В обобщенном виде можно выделить 3 основные группы факторов, индуцирующих «гормональный ответ» эндотелия.

1. Гемодинамический фактор. Влияние этого фактора на функциональную активность эндотелия зависит от скорости кровотока, его характера, а также величины давления крови, обусловливающих развитие т.н. «напряжения сдвига» (англ, «shear stress»).

2. «Клеточные» (местно-образующиеся) биологически активные вещества, обладающие аутокринным или паракринным свойством. К ним относят факторы «реакции освобождения» - дегрануляции и лизиса адгезированных и агрегированных тромбоцитов: тромбопластин, фибриноген, фактор фон Виллебранда, тромбоцитарный фактор роста, фибронектин, серотонин, АДФ, кислые гидролазы, а также продукты переместившихся в краевое, пристеночное положение лейкоцитов (прежде всего нейтрофилов), которые при этом становятся интенсивными продуцентами адгезивных молекул, лизосомальных протеаз, активных форм кислорода, лейкотриенов, простагландинов группы Е и т.д.), а также активированных тучных клеток - источников гистамина, серотонина, лейкотриенов С4 и D4, фактора активации тромбоцитов, гепарина, протеолитических ферментов, хемотаксических и других факторов.
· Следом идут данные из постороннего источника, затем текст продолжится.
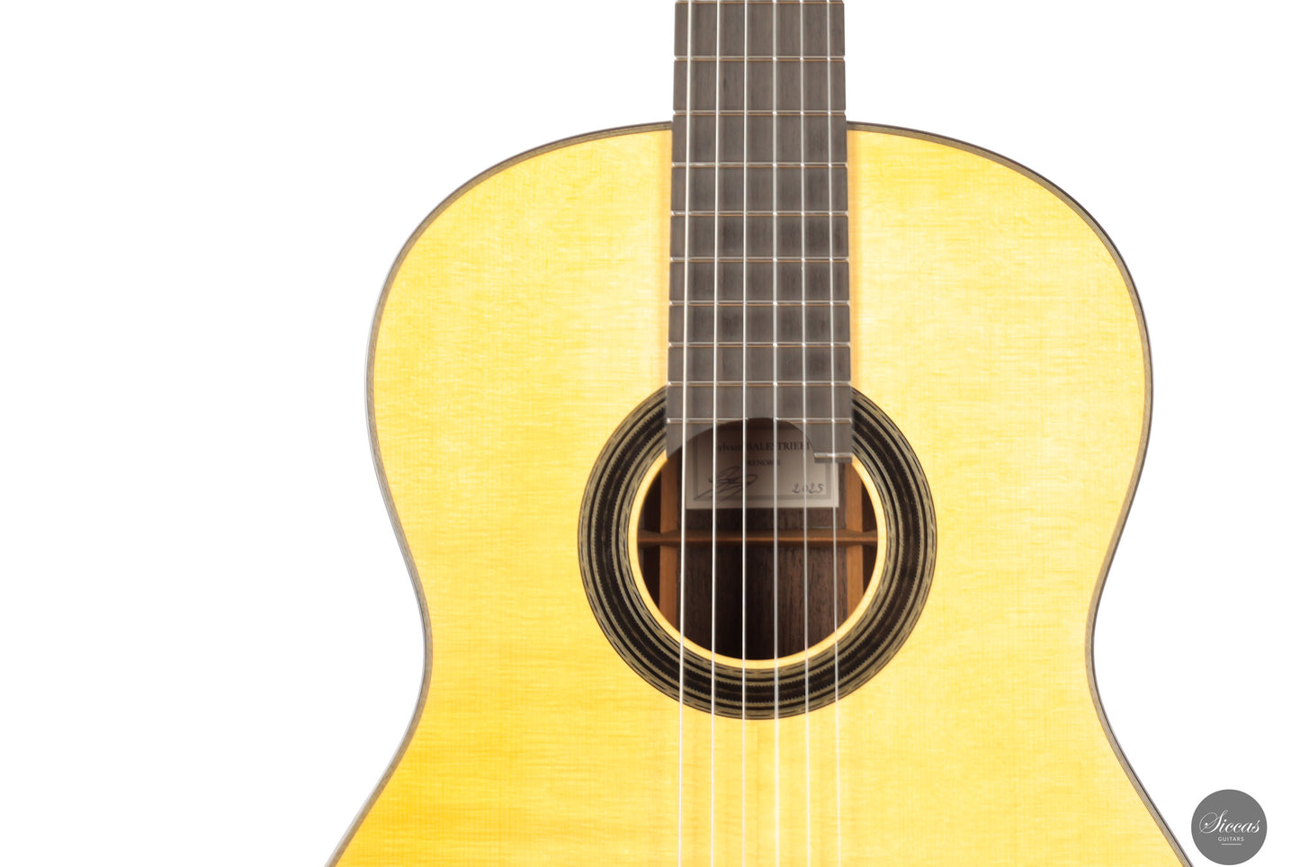 Diese Konzertgitarre aus dem Jahr 2025 verkörpert Sylvain Balestrieris Bestreben, die klangliche Fülle der französischen Gitarrentradition mit der Kraft, Tragfähigkeit und Ansprache zu verbinden, die auf modernen Konzertbühnen gefordert werden. Im Zentrum des Instruments steht eine Fichtendecke mit Sylvains eigener Rautenbeleistung, die von der klassischen Sieben-Fächer-Struktur inspiriert ist. Ziel dieser Konstruktion ist es, das Verhältnis von Steifigkeit zu Gewicht zu optimieren und dadurch eine dünnere, reaktionsfreudigere Decke mit längerer Tonhaltedauer, besserer Projektion und hervorragender Empfindlichkeit für den Anschlag zu erzielen.
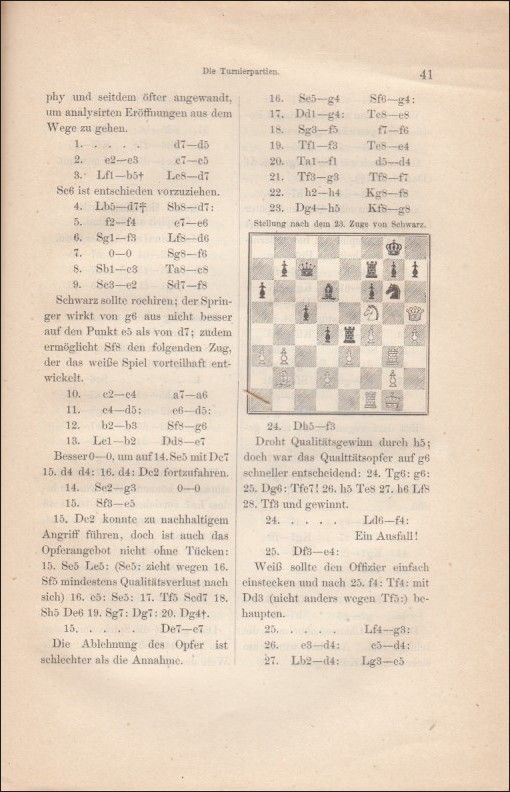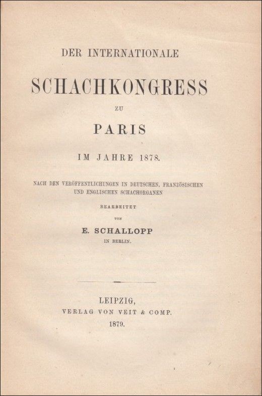 Paris 1878. Der internationale Schachkongress zu Paris im Jahre 1878. Nach den Veröffentlichungen in deutschen, französischen und Englishen Schachorganen. 119 games (of 132) with annotations in German. Some diagrams. Algebraic notaion. Cross table. Opening index. Problem tournament and solutions. Zukertort and Winawer won. VI, 1 leaf, 175 pages. 21 cm. Paperback with thin green paper cover. Leipzig, Veit, 1879. L/N 5208.

3. Циркулирующие (дистантно-образующиеся) биологически активные вещества, обладающие эндокринным свойством. К ним относят катехоламины, ваэопрессин, ацетилхолин, брадикинин, аденозин, гистамин и многие другие.

Действие медиаторов и нейрогормонов в основном реализуется через специфические рецепторы, расположенные на поверхности эндотелиальных клеток.

Повреждение эндотелия, т.е. патогенетически значимое репрограммирование его биосинтетической активности в условиях развития различных заболеваний, связывают прежде всего с существенным изменением «напряжения сдвига». «Напряжение сдвига» (механический фактор) по определению данного понятия - это внутренние силы, возникающие в деформируемом теле под влиянием внешних статических и динамических нагрузок.

Согласно закону Гука величина упругой деформации твердого тела пропорциональна приложенному механическому напряжению. Упругие свойства сосудистой стенки определяются количественными и качественными характеристиками ее структурных компонентов: соединительнотканных и гладкомышечных клеток, организованных в волокна.

Давление в кровеносном сосуде создает в его стенке «растягивающее (давление зависимое) напряжение сдвига», направленное по касательной к окружности сосуда, а скорость движения крови – «продольное (поток-зависимое) напряжение сдвига», ориентированное вдоль сосуда. Таким образом, напряжение сдвига - это прижимающие и скользящие механические силы воздействия на поверхность эндотелия.

Кроме указанных гемодинамических факторов, на величину напряжения сдвига оказывает влияние вязкость крови. Установлено, что артерии регулируют свой просвет соответственно изменению данного свойства крови: при повышении вязкости сосуды увеличивают свой диаметр, а при понижении - его уменьшают.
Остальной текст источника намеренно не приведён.